The Best New Horror 5
Page 19
And that’s all it would’ve been if I’d been sharp at all, if I hadn’t been muzzy from drinking. That’s all it should have been, a seat in my taxi and goodbye, no obligation.
But where she was going, her flat was only one street down from mine, the other side of the cemetery; and the driver took us along the river and up, so we reached hers first. And I wasn’t thinking, I got out with her and paid the taxi off, saved myself twenty pence.
Cost myself a whole lot more: a lifetime of paying, maybe. Unless I get lucky. Amnesia or senility, that’s what I’m looking for now, that’s where my hope is. I just want to get out of my head, I don’t like what’s in here, can’t live with it.
Standing there in the night, in the dark, I still could’ve saved myself if I’d only simply walked away; but I didn’t. Too polite, too well-trained: blame my parents, my culture, blame whoever you like. I just blame myself.
Anyway, I said something, something bland and inane, just making conversation. “My flat’s only just round the corner from here, surprised I haven’t seen you in the street,” it might have been that, or something like it. But whatever it was, it wasn’t, “Goodnight.”

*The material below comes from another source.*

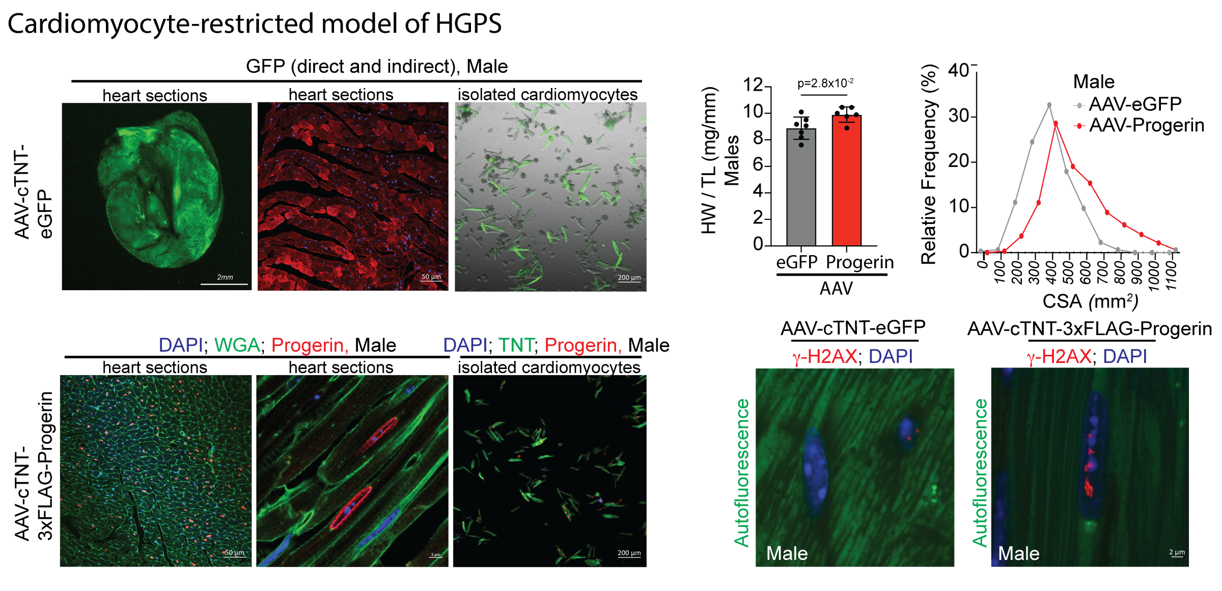 The images above depict a cardiomyocyte-restricted model of Hutchinson-Gilford progeria syndrome (HGPS).

And she said, “Would you, I don’t suppose you would, I expect you want to get off now, don’t want to be troubled with me; but would you like to come in? For a coffee?”
And God help me, because no one else can now; but I stood there and looked at her, saw the strangeness and overlooked it, and said yes. Couldn’t see any point in the alternative, being home and alone; so I said yes, OK, I’d have a coffee. Thanks, I said.
She had three good locks on her front door, had to find three separate keys in her pockets before she could let us in.
“Dodgy area, isn’t it?” I said. “You been burgled yet?”
“No, but I mustn’t,” she said. “I can’t let that happen, I’ve got to keep my baby safe.”
Baby. She’d mentioned the baby half a dozen times by now; but the flat was dark and felt empty, and the door had been so thoroughly, comprehensively locked . . .
“Where’s your baby now, then?”
“In her room, of course. She’ll be sleeping.”
“No babysitter?”
“Oh, no. I couldn’t, I couldn’t leave her with a stranger.”
“You mean you’d rather leave her alone?” I was jolted enough, drunk enough just to say that, straight out.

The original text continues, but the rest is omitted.